- Use Immunity Debugger to Analyze and Annotate Binary Code.
- Understand the Techniques for Self-Extraction in Code Segment.
- Computer Architecture
- Operating Systems Security
In this tutorial, we discuss several interesting techniques to analyze decoding/self-extraction functions, which are frequently used by malware to avoid static analysis. The basic approach we use here is to execute the malware step by step, and annotating the code.
We will examine the following functions in Max++ (simply set a breakpoint at each of the following addresses):
1.2 General Techniques
We recommend that you try your best to analyze the aforementioned functions first, before proceeding to section 2. In the following please find several useful IMM tricks:
- Annotating code: this is the most frequently used approach during a reverse engineering effort. Simply right click in the IMM code pane and select "Edit Comment", or press the ";" key.
- Labeling code: you could set a label at an address (applicable to both code and data segments). When this address is used in JUMP and memory loading instructions, its label will show up in the disassembly. You can use this to assign mnemonics to functions and variables. To label an address, right click in IMM code pane and select "Label".
- Breakpoints: to set up software breakpoints press F2. To set up hardware breakpoints, right click in code pane, and select Breakpoints->Hardware Breakpoint on Execution. At this moment, set soft breakpoints only.
- Jump in Code Pane: you can easily to any address in the code segment by right clicking in code pane and enter the destination address.
2. Analysis of Code Beginning at 0x00413BC2
As shown in Figure 1, there are four related instructions, POP ESI (located at 0x00413BC1), SUB ESI, 9 (located at 0x00413BC2), and the POP ESP and RETN instructions.
|Figure 1. Code Starting at 0x00413BC2|
As discussed in Tutorial 5, the RETN instruction (at 0x00413BC0) is skipped by the system when returning from INT 2D (at 0x00413BBE). Although it looks like the POP ESI (at 0x413BC1) is skipped, it is actually executed by the system. This results in that ESI now contains value 0x00413BB9 (which is pushed by the instruction CALL 0x00413BB9 at 0x00413BB4). Then the SUB ESI, 9 instruction at 0x00413BC2 updates the value of ESI to 0x00413BB0. Then the next LODS instruction load the memory word located at 0x00413BB0 into EAX (you can verify that the value of EAX is now 0). Then it pops the top element in the stack into EBP, and returns. The purpose of the POP is to simply enforce the execution to return (2 layers) back to 0x413BDD.
Note that if the INT 2D has not caused any byte scission, i.e., the RETN instruction at 0x00413BD7 will lead the execution to 0x413A40 (the IRETD instruction). IRETD is the interrupt return instruction and cannot be run in ring3 mode (thus causing trouble in user level debuggers such as IMM). From this you can see the purpose of the POP EBP instruction at 0x413BC6.

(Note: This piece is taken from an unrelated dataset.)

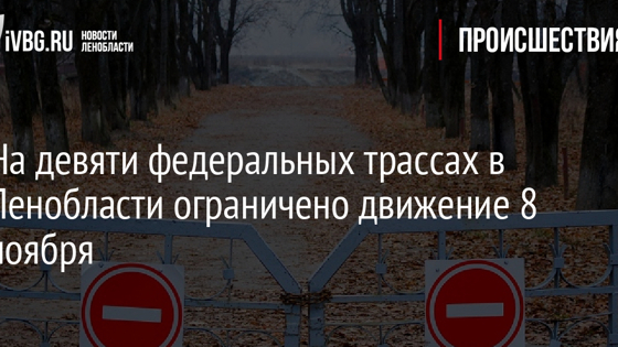 Как сообщает ФКУ Упрдор «Северо-Запад», 8 ноября при проведении дорожных работ будет ограничено движение на следующих участках трасс в Ленобласти. Р-21 «Кола» (Санкт-Петербург – Петрозаводск – Мурманск – Печенга – граница с Королевством Норвегия): км 12-179 ограничение скорости движения в оба направления с 08:00 до 19:00, ремонт, выправка, установка дорожных знаков; км 73-76 ограничение скорости движения в оба направления с 08:00 до 19:00, профилирование обочины автогрейдером; км 25,46 ограничение скорости движения в оба направления с 08:00 до 19:00, ремонт обочины. М-10 «Россия» (Москва – Тверь – Великий Новгород – Санкт-Петербург): км 593-674 ограничение скорости движения в оба направления с 08:00 до 19:00, ремонт, выправка, установка дорожных знаков; км 10-16 г. Тосно ограничение скорости движения в оба направления с 08:00 до 19:00, промазка открытых швов и трещин а/б покрытия битумной мастикой; км 667, км 10 г. Тосно ограничение скорости движения в направлении г. Санкт-Петербурга с 08:00 до 19:00, ремонт СБО; км 654 ограничение скорости движения в направлении г. Москвы с 08:00 до 19:00, ремонт СБО. А-120 «Санкт-Петербургское южное - полукольцо» (Кировск – Мга – Гатчина – Большая Ижора): км 106-149 ограничение скорости движения в оба направления с 08:00 до 19:00, ремонт, выправка, установка дорожных знаков. А-114 «Вологда – Тихвин»: км 479-532 ограничение скорости движения в оба направления с 08:00 до 19:00, ремонт, выправка, установка дорожных знаков. А-181 «Скандинавия» (Санкт-Петербург – Выборг – граница с Финляндской Республикой): подъезд к г. Выборгу № 1 км 0-5, ограничение скорости движения в оба направления с 08:00 до 20:00, очистка водоотводных лотков. А-181 «Магистральная»: км 0-30 ограничение скорости движения в оба направления с 08:00 до 20:00, ликвидация деформаций а/б покрытия. А-121 «Сортавала» (Санкт-Петербург – Сортавала – автомобильная дорога Р-21 «Кола»): км 0-37 ограничение скорости движения в оба направления с 08:00 до 20:00, установка сигнальных вех; км 0-37 ограничение скорости движения в оба направления с 08:00 до 20:00, уборка различных предметов и мусора с элементов дороги; км 37-78 ограничение скорости движения в направлении Ленинградской области с 08:00 до 20:00, установка сигнальных вех; км 37-78 ограничение скорости движения в направлении Ленинградской области с 08:00 до 20:00, очистка а/б покрытия от пыли и грязи. А-180 «Нарва» (Санкт-Петербург – граница с Эстонской Республикой): км 51-53 ограничение скорости движения в направлении г. Санкт-Петербурга с 08:00 до 17:00, очистка водоотводных лотков. Р-23 (Санкт-Петербург – Псков – Пустошка – Невель – граница с Республикой Белоруссия): км 35-36 ограничение скорости движения в направлении г. Пскова с 08:00 до 17:00, очистка водоотводных лотков; км 142+540 ограничение скорости движения в направлении г. Санкт-Петербурга с 08:00 до 17:00, замена СБО; подъезд №1 к г. Луга ограничение скорости движения в направлении г. Санкт-Петербурга с 08:00 до 17:00, замена СБО.

Conclusion: the 4 instructions at 0x00413BC2 is responsible for directing the execution back to 0x00413BDD. This completes the int 2d anti-debugging trick.

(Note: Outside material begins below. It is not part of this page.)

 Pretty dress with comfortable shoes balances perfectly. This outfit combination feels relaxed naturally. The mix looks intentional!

3. Analysis of Function 0x00413BDD
|Figure 2: Function 0x00413BDD|
As shown in Figure 2, this function clears registers and calls three functions: 0x413A2B (decoding function), 0x00401000 (another INT 2D trick), and call EBP (where EBP is set up by the function 0x00401000 properly). We will go through the analysis of these functions one by one.

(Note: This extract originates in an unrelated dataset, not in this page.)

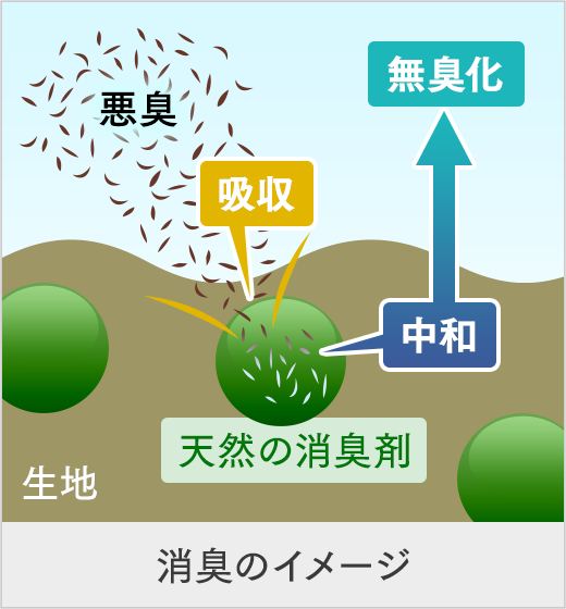 天然成分でできた消臭剤が、悪臭を吸着し中和し、無臭化するという画期的な技術です。

4. Analysis of Function 0x00413A2B.
|Figure 3: Function 0x00413A2B|
Function 0x00413A2B has six instructions and the first five forms a loop (from 0x00413A2B to 0x00413A33), as shown in Figure 3. Consult the Intel instruction manual first, and read about the LODS and STORS instruction before proceeding to the analysis in the following.
Essentially the LODS instruction at 0x00413A2B loads a double word (4 bytes) from the memory word pointed by ESI to EAX, and STOS does the inverse. When the string copy finishes, the LODS (STOS) instruction advances the ESI (EDI) instruction by 4. The next two instructions following the LODS instruction perform a very simple decoding operation, it uses EDX as the decoding key and applies XOR and SUB operations to decode the data.
The loop ends when the EDI register is equal to the value of EBP. If you observe the values of EBP and EDI registers in the register pane, you will find that this decoding function is essentially decoding the region from 0x00413A40 to 0x00413BAC.
Set a breakpoint at 0x00413A35 (or F4 to it), you can complete and step out of the loop. To view the effects of this decoding function, compare Figure 4 and Figure 5. You can see that before decoding, the instruction at 0x00413A40 is an IRET (interrupt return) instruction and after the decoding, it becomes the INT 2D instruction!
|Figure 4: Region 0x00413A40 to 0x00413BAC (before decoding)|
|Figure 5: Region 0x00413A40 to 0x00413BAC (after decoding)|
Now let's right click on 0x00413A2B and select "Label" and we can mark the function as "basicEncoding". (This is essentially to declare 0x00413A2B as the entry address of function "BasicEncoding"). Later, whenever this address shows in the code pane, we will see this mnemonic for this address. This will facilitate our analysis work greatly.
5. Analysis of Code Beginning at 0x00410000
Function 0x00410000 first clears the ESI/EDI growing direction and immediately calls function 0x00413A18. At 0x00413A18, it again plays the trick of INT 2D. If the malware analyzer or binary debugger does not handle by the byte scission properly, the stack contents will not be right and the control flow will not be right (see Tutorials 3,4,5 for more details of INT 2D).
In summary, when the function returns to 0x00413BED, the EBP should have been set up property. Its value should be 0x00413A40.
6. Analysis of Code Beginning at 0x00413A40
We now delve into the instruction CALL EBP (0x00413A40). Figure 6 shows the function body of 0x00413A40. It begins with an INT 2D instruction (which is continued with a RET instruction). Clearly, in regular/non-debugged setting, when EAX=1 (see Tutorial 4), the byte instruction RET should be skipped and the execution should continue.
|Figure 6: Another Decoding Function|
Challenge of the Day
The major bulk of the function is a multiple level nested loop which decodes and overwrites (a part) of the code segment. Now here comes our challenge of the day.
(1) How do you get out of the loop? [hint: the IMM debugger has generously plotted the loop structure (each loop is denoted using the solid lines on the left). Place a breakpoint at the first instruction out of the loop - look at 0x00413B1C]
(2) Which part of the code/stack has been modified? What are the starting and ending addresses? [Hint: look at the instructions that modify RAM, e.g., the instruction at 0x00413A6F, 0x00413A8D, 0x00413B0E.